Now these are rough figures, so you'll need to take them with a pinch, but I'm sure you will get my point. If we go with uk figures, in the 2001 censous there were 58.8 million people in the uk, of which 36.1 million are in the working population. So for a start you would have to produce enough excess wealth to support 22.7 million people (or 62% of your working population). Now if we pick an industry we know we are not sufficent it, agriculture, about 1.2% of the working population is in agriculture or 433,200 people and we produce about 60% of our needed food stuffs. So to produce enough food we would need to move an additional 173,280 people into agriculture or an additonal 0.48% of the working population.
We could then take all the other industries we arn't sufficent in; oil, gass, coal, iron, sulfer, diamonds, steel, wood, (and these are just comodities) etc, etc, etc, we can start to exstrapotale the % of the working population needed for their production.
Then we keep those which we are sufficent in the same, retail, distribution, education, policing, healthcare, etc, etc,
And then we would look to include all the industries that we don't have, space, computing, etc, etc, etc, and I think it looks like 36.1 million just isn't enough. And that's just the people, with nothing to do with wealth generation.
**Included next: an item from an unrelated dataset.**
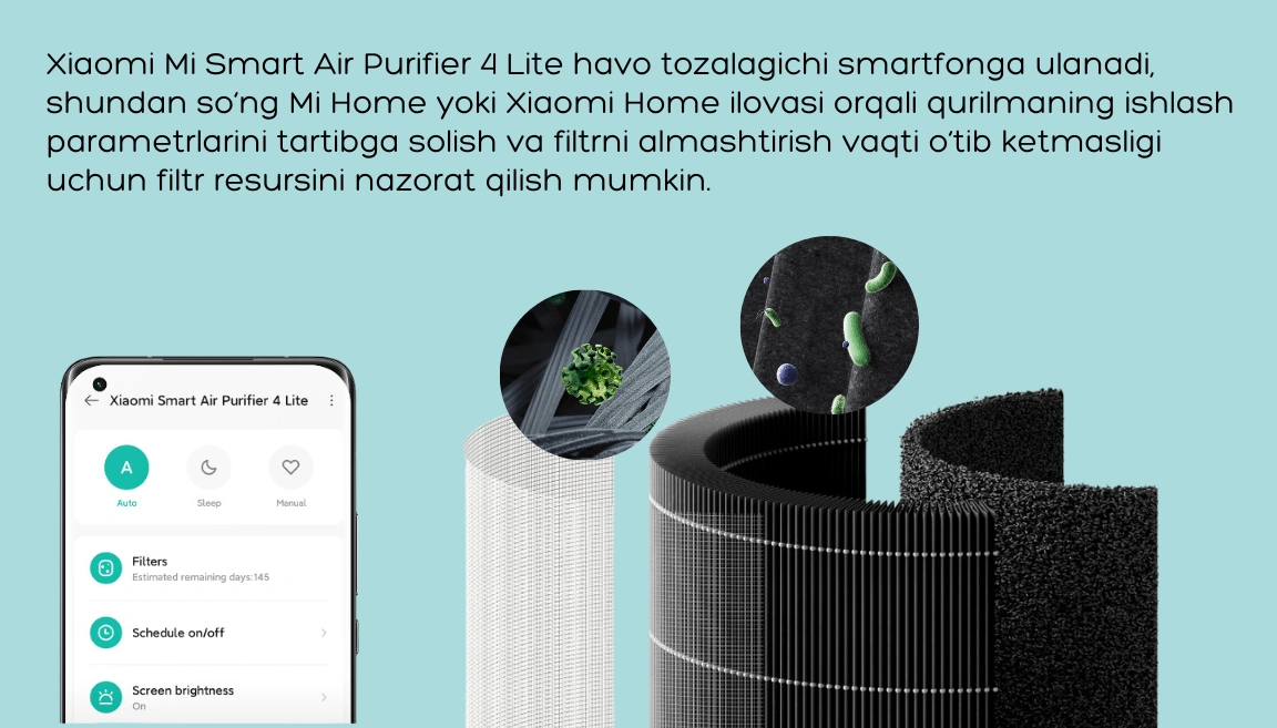 Xiaomi Mi Smart Air Purifier 4 Lite havo tozalagichi – bu hayotida hech qanday yoqimsiz hidlarsiz va mayda chang yoki gul changi zarralarisiz faqat toza havodan nafas olishni istagan kishilar uchun imkonli va ishonchli yechim. Yangi modelning afzalliklaridan bugunning o‘zidayoq foydalanishni boshlang!

Of course, government efficiency is a major factor. Many of the more advanced nations on Earth today are struggling under the excesses of a bureaucratic democracy. A feudal technocracy would make a significant difference to our potential. I shudder to think how much duplicated effort, pointless activity, and bureaucratic nonsense hampers our current efforts, not to mention the burden of politics, religion and war.
Now here I agree with you, there would be a considerable amount of "waist" (for want of a better work) that you could utalise in other areas. I'm not sure a feudal technocracy would be the way bit I can't think of a better way at present. And you could utalise the elderly better than we do at present, by using them for all sorts of things as opposed to have them retire, and we could use those people from inductrise where we have an oversupply, say pharmacuticals and media and redeploy them. But even with these 1.1 million in the UK are over 85, and 11.9 million are under 16, so even increaseing your working population by 22% to 45.8 million it's still looking (to me at least) that there just isn't enough people, or enough wealth creation to maintain and produce things like a GPS system, a communcations salalight system, a weather statalight system, a Large Hadron Collider etc etc etc and educate enough people in their use to maintain them, and have enough inductrial capacity to maintain them.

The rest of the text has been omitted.